Regarding transmyocardial repolarization, there are three layers in the myocardium: the endocardial, the M-cell, and the epicardial layer. The myocardial layers are at different repolarization phases creating transmyocardial nonhomogeneities, which become substrates for reentry causing malignant arrhythmias [24]. These transmyocardial nonhomogeneities are determined by the ECG parameters Tp − Te, (Tp − Te)d, and (Tp − Te)/QT ratio. Therefore we think that myocardial iron overload may contribute to creating transmyocardial nonhomogeneity and these ECG parameters may better demonstrate the relation between iron overload and repolarization parameters than conventional QT parameters. However, the data in Tp − Te are very scarce in β-TM patients. There is only a study where Kocharian et al. [8] demonstrated prolonged Tp − Te and (Tp − Te)d in patients with β-TM. Nevertheless, they did not investigate (Tp − Te)/QT ratio. We also found higher transmyocardial repolarization parameters except for (Tp − Te)/QT ratio in β-TM patients compared to the healthy subjects. In contrast to conventional QT parameters, there is no study investigating the relation between transmyocardial repolarization parameters and both ferritin levels and cardiac iron load. For the first time, we investigated the relation of transmyocardial repolarization parameters with cardiac T2* values. In our study, we found no difference in transmyocardial repolarization parameters in patients with T2* < 20 msec and those with T2* ≥ 20 msec.
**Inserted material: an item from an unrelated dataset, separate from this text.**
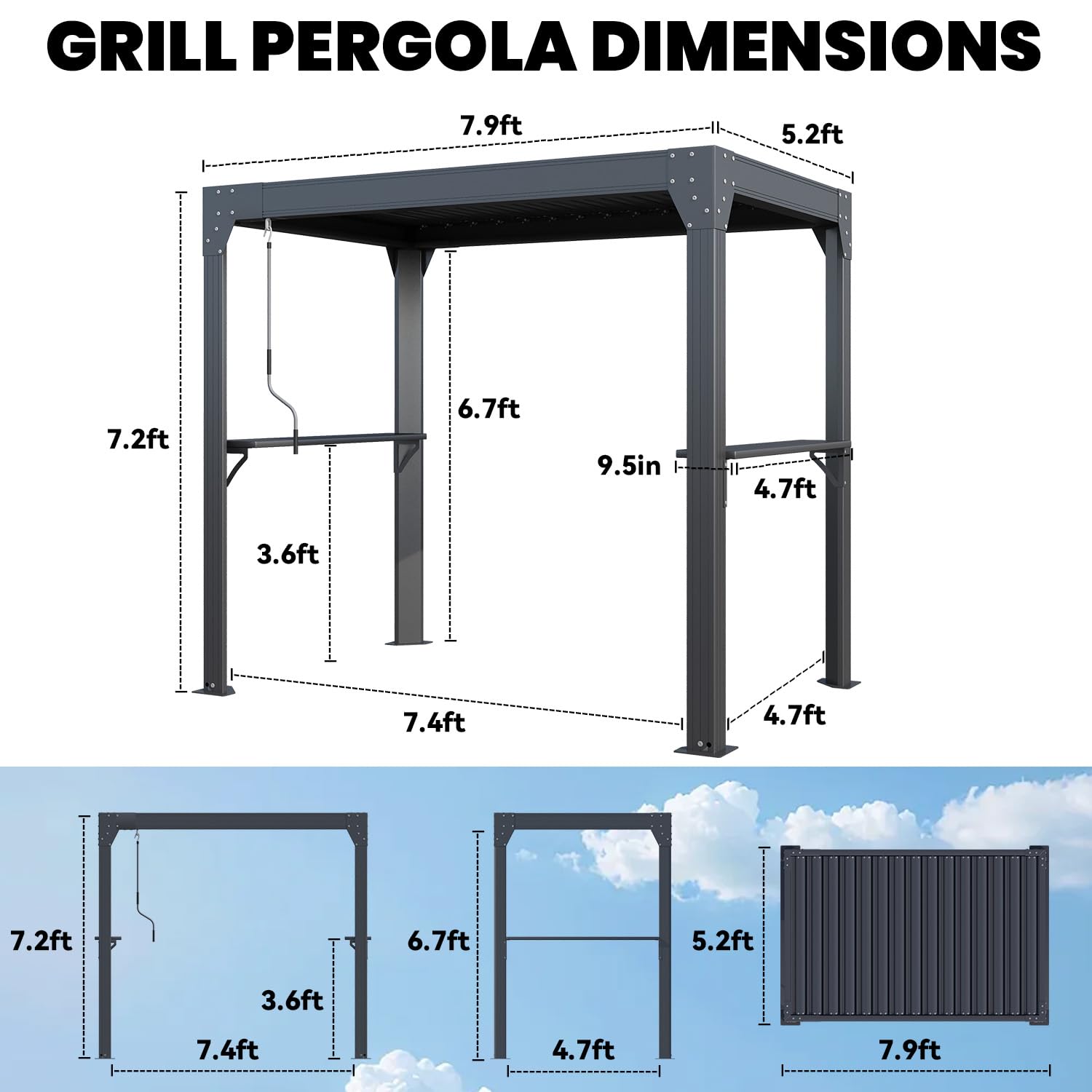 - 2 SIDE SHELVES: Reinforced with a sturdy triangular support, the 2 side shelves of the BBQ pergola offer enhanced load-bearing capacity. This design provides extra space to organize food, condiments, and grilling essentials, making your outdoor cooking experience more convenient

In addition, there was no linear relation between transmyocardial repolarization parameters and cardiac T2* values. These results support the theory that fibrosis as a cause of iron overload may be more deleterious than iron itself. Iron alone is not sufficient to cause arrhythmia and other comorbid conditions can contribute to arrhythmias. This issue was observed in nonhuman models [17, 18]. In addition, cardiac arrhythmias were not solely related to iron overload in patients with hemochromatosis [25]. Taken together, these data suggest that iron alone may be necessary but insufficient to cause cardiac arrhythmia in iron-overload conditions.
5. Limitations
A few limitations deserve mention: (a) this study is a cross-sectional study with small sample size and large prospective randomized studies are needed to clarify the relationship between the both impaired regional and transmyocardial repolarization parameters and subsequent cardiac events in β-TM patients, (b) we did not perform cardiac MRI in control group because of cost. In addition, because of controversial results in the literature, we aimed to evaluate whether repolarization parameters are impaired in patients with β-TM or not, (c) β-TM patients were under chelation therapy and this type of therapy may blind results of the study. Therefore our results may not be applicable to patients not undergoing this kind of therapy, (d) because of speculations that fibrosis as a cause of iron load may impair repolarization parameters, we think that investigation of noninvasive markers of fibrosis, such as metalloproteinase, procollagen type I, and procollagen type III needs to be investigated in future.
6. Conclusion
The present study demonstrated that repolarization parameters are impaired in asymptomatic β-TM patients and it was unrelated with cardiac T2* MRI values. Thus it needs to well-designed randomized investigations in this area.